# Is there a solution for too much cure?



## vinylhanger (Jan 25, 2010)

I was hoping my first post wouldn't be a post proving my newbiness.  My wife picked me up a Smoke Hollow for Christmas and I've used it to do some boneless ribs and such.  I've had pretty good success and have had a lot of fun.

So for my next trick, I figured I'd try some jerky.  Picked up the London Broil, had it sliced and ended up getting a dry cure on it at 3 a.m. Saturday morning.  Of course, I couldn't find any measuring spoons and looked at the directions and did a guesstimate.   Well, you can guess how that turned out. I ended up using twice the amount of cure as the instructions instructed.  It is Eastman Outdoors Jerky Cure and Seasoning.  One teaspoon per pound and I had 2 1/2 pounds of meat.  I ended up using the whole one once packet.  Six teaspoons instead of 2 1/2.

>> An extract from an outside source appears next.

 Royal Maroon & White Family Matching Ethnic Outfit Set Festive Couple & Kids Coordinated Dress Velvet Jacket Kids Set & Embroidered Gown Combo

In my defence, I was going to just toss the meat, no matter how much it hurt.  However, my wife suggested I ask here and see if I could rinse it, or how big a deal it actually is to have used so much excess cure.  All the reading I've done tonight suggests that we will all die and the earth will reverse its rotation if we use it as is.   So in a nutshell, this newbie is deffering to the experts.  If I gotta toss it, that's fine, but it sure looks and smells like some yummy meat.

On a side note, my wife and I also got into a discussion about the fact that 2 1/2 teaspoons just didn't seem to be enough cure to physically cover all the meat.  The instructions said nothing about a brine mixture, so I am just curious as to how the cure actually works if it doesn't cover completely, or do I need to massage it until it does?

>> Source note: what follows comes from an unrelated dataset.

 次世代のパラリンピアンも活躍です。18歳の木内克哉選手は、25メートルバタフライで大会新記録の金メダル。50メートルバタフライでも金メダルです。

Sorry for the longish post, I tend to drone on a bit, but I am typically pretty harmless.   Oh, and I love this site.  I've learned a lot in a short time, however, obviously not enough.


----------



## DanMcG (Jan 25, 2010)

I'm no expert, and I'm not familiar with the product you're using, but nitrates are nothing to fool around with, to much can kill ya and I personally would toss it and try again. Even if you could wash it off, I think after 24 hours it's already into the meat and it's to late.


----------



## justsmoke2 (Jan 25, 2010)

I would toss just to be on the safe side.  I would think it would be to salty to eat anyways.  I made the mistake of wanting to add more seasoning on some sausage from a kit.  So I measured them out not thinking I needed less cure as I was adding enough season for an extra 2 lbs.


----------



## scpatterson (Jan 25, 2010)

Think I would toss it myself and get some measuring spoons....

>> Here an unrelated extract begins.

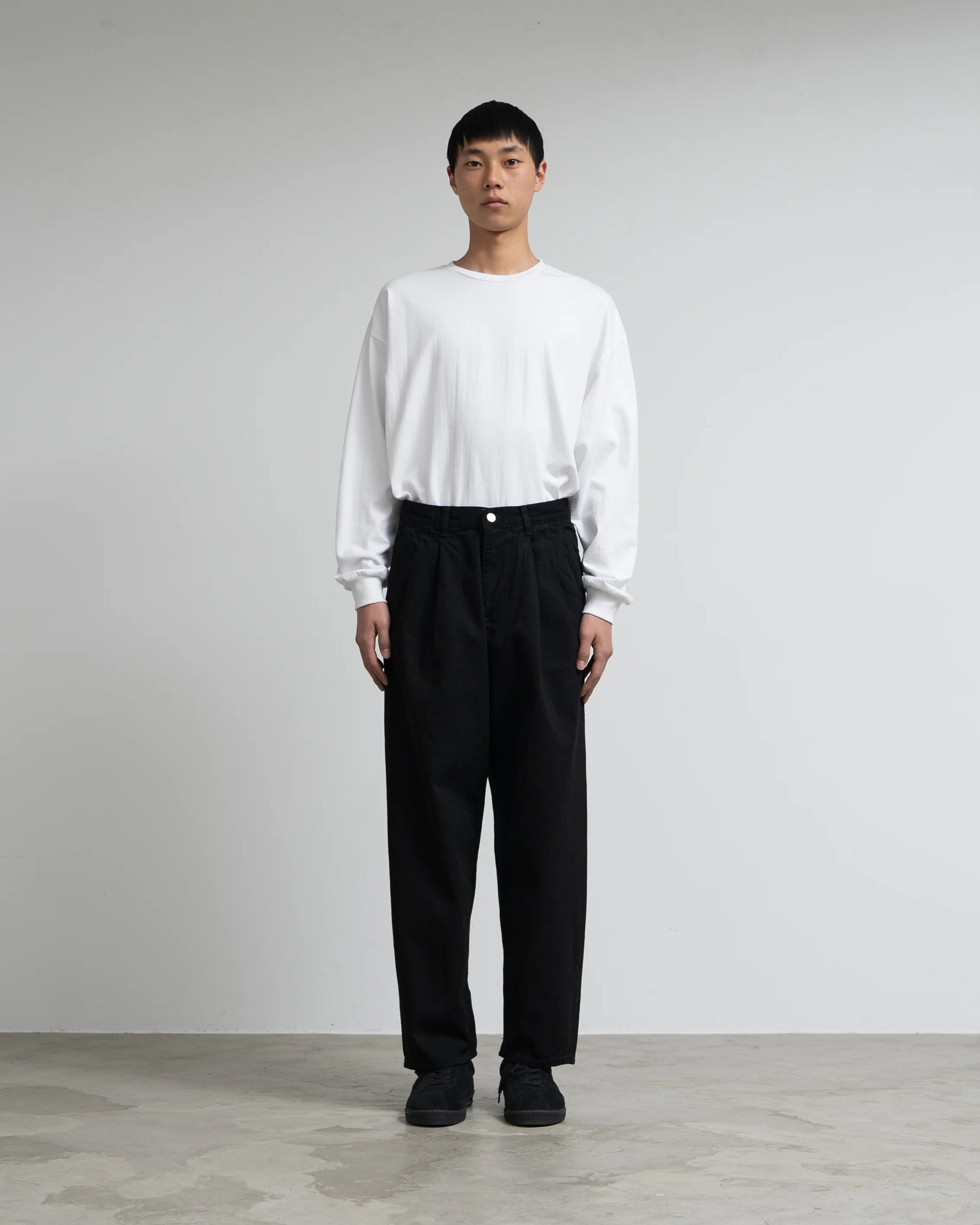 These jeans feature a wide, tapered fit with pleats and darting at the waist.

Stop off my Roll Call and introduce yourself, let us know your experience and such...

Lot a good people here and tons of info


----------



## pignit (Jan 25, 2010)

Toss it.... lesson learned. We've all been there.


----------



## que-ball (Jan 25, 2010)

Yeah, toss it.  If you had realized your error sooner I'd have said "throw more meat at it".  The cure doesn't need to physically touch each piece of meat from the start.  Mix it as best you can, and it will penetrate through the meat as the process takes place.


----------



## vinylhanger (Jan 25, 2010)

Toss it I will do.  And then go and buy myself a set of measuring spoons.  Thanks for the info and understanding responses.  I'm off to buy some more meat and try again.  I'll let you know how it turns out.


----------



## erain (Jan 25, 2010)

VH,   nice to see you taking an interest, but look at the mistake you made and suppose it was the other way around. half as much cure as needed... the meats need to be weighed closley and the cure needs to be weighed/measured precisley. sorry the hear about the result but i would toss and start again. if interested in curing get a book called "great sausagemaking and meat curing" by rytek kutas... read it and man there is a ton of stuff to learn... also lots of info on the net. better luck next time!!!


----------



## DanMcG (Jan 25, 2010)

Like Erain said "_the cure needs to be weighed/measured precisley" _I use a scale that measures down to .1 of a gram and I get a warm fuzzy felling when I know I got the right amount of cure in my product. Last thing i want to do is make a friend sick or worse. And Like Pignit said,_ "lesson learned. We've all been there_." Anybody that says they never tossed a chunk of meat is lying to ya. I tossed 9 pounds of Canadian bacon two weeks ago cause I might have screwed it up, or it might have been the premix brine :)


----------



## ryanhoelzer (Jan 29, 2010)

Luckily WalMart is about 2 minutes away.  I was mixing my cure/seasoning last night for my first batch of jerky and couldn't find a single measuring spoon.  I could swear I had some..  Anyway, a quick trip to WM and I was set.


----------



## tlzimmerman (Jan 29, 2010)

As far as covering the meat, I always either mix it well with my other dry seasonings before rubbing, or I put it all in water brine or mix it with ground jerky.  Getting a good cover of cure is very important, mix well.

Good luck.  Good scales and precise measurements are a must when curing meat.


----------